Controllable Object Service Parameters
ctlVal
The service parameter ctlVal (control value) determines the control activity. The type ctlVal matches the type of the controlled attribute defined in the common data class of the controllable object.
operTm
If a TimeActivatedOperate service is run, the service parameter operTm specifies the time when the command will be executed. The service parameter operTm is optional and not supported by all devices.
origin
The service parameter origin determines the originator of the control service. All service requests belonging to one control sequence must be identified by the same originator.
origin.orCat
The originator category specifies the category of the originator. E.g. station control (2) is used if a control operation issued from an operator using a client location at the station level. Automatic station (5) is used if a control operation is used from an automatic function at the station level.
| Value | Meaning |
| 0 | Not supported |
| 1 | bay-control |
| 2 | station-control |
| 3 | remote-control |
| 4 | automatic-bay |
| 5 | automatic-station |
| 6 | automatic-remote |
| 7 | maintenance |
| 8 | process |
To distinguish between the operation levels (bay, station or remote) the config entry originatorCategory is used.
To distinguish between commands issued by the operator and the application the Bit6 of the CommandByte is used. If this bit is set, the command is defined as automatic.
Example
The config entry originatorCategory is set to 3.
-
Bit 6 is not set: The originator category is defined as "remote control"
-
Bit 6 is set: The originator category is defined as "automatic-remote".
origin.orIdent
The originator identification shows the identification of the peer sending the object (request or answer). The value NULL indicates that the originator of a particular object is not known.

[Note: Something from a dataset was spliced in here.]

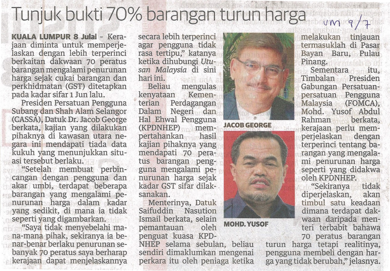 Utusan Malaysia - Tunjuk Bukti 70% Barangan Turun Harga |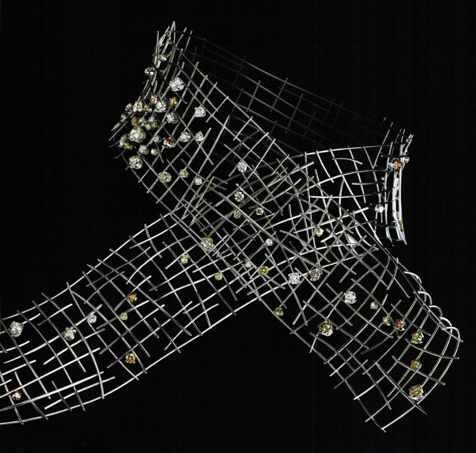 This neckla ce by multi-award winning designer Jeanne Barnes in white gold and blue Perspex with 749 diamonds won over t he jury. The designer drew her inspiration from the idea of a roaring waterfall

By default the original identifier is defined as <hostname>_<project name>_<driver number>. The host name can be defined by using the config entry originatorIdentifier.
Example
A WinCC OA project "IEC61850TestProject" is running on the host "MyETMHost" with driver number 1 assigned to the WinCC OA 61850/61400 client.
By default the originator identifier is constructed as "MyETMHost_IEC61850TestProject_1". By setting the config entry originatorIdentifier = "SubstationTestHost" the originator identifier will become "SubstationTestHost_IEC61850TestProject_1".
ctlNum
The service parameter ctlNum determines the control sequence number of the control service. All service requests belonging to one control sequence must be identified by the same control sequence number. The control sequence number is assigned by the client, the value may range from 0 to 255.
T
The service parameter T is the time stamp of the control object. It contains the time when the client issues the service control request.
Test
The service parameter Test indicates if the client sends a control service for test purposes only. True indicates test.
All service requests belonging to one control sequence must carry the same test status.
Check
The service parameter Check specifies the kind of checks a control object shall perform before issuing the control operation, if the common data class is DPC (double point control). If the service parameter Check is not supported by the data object it will be ignored and the request will be handled.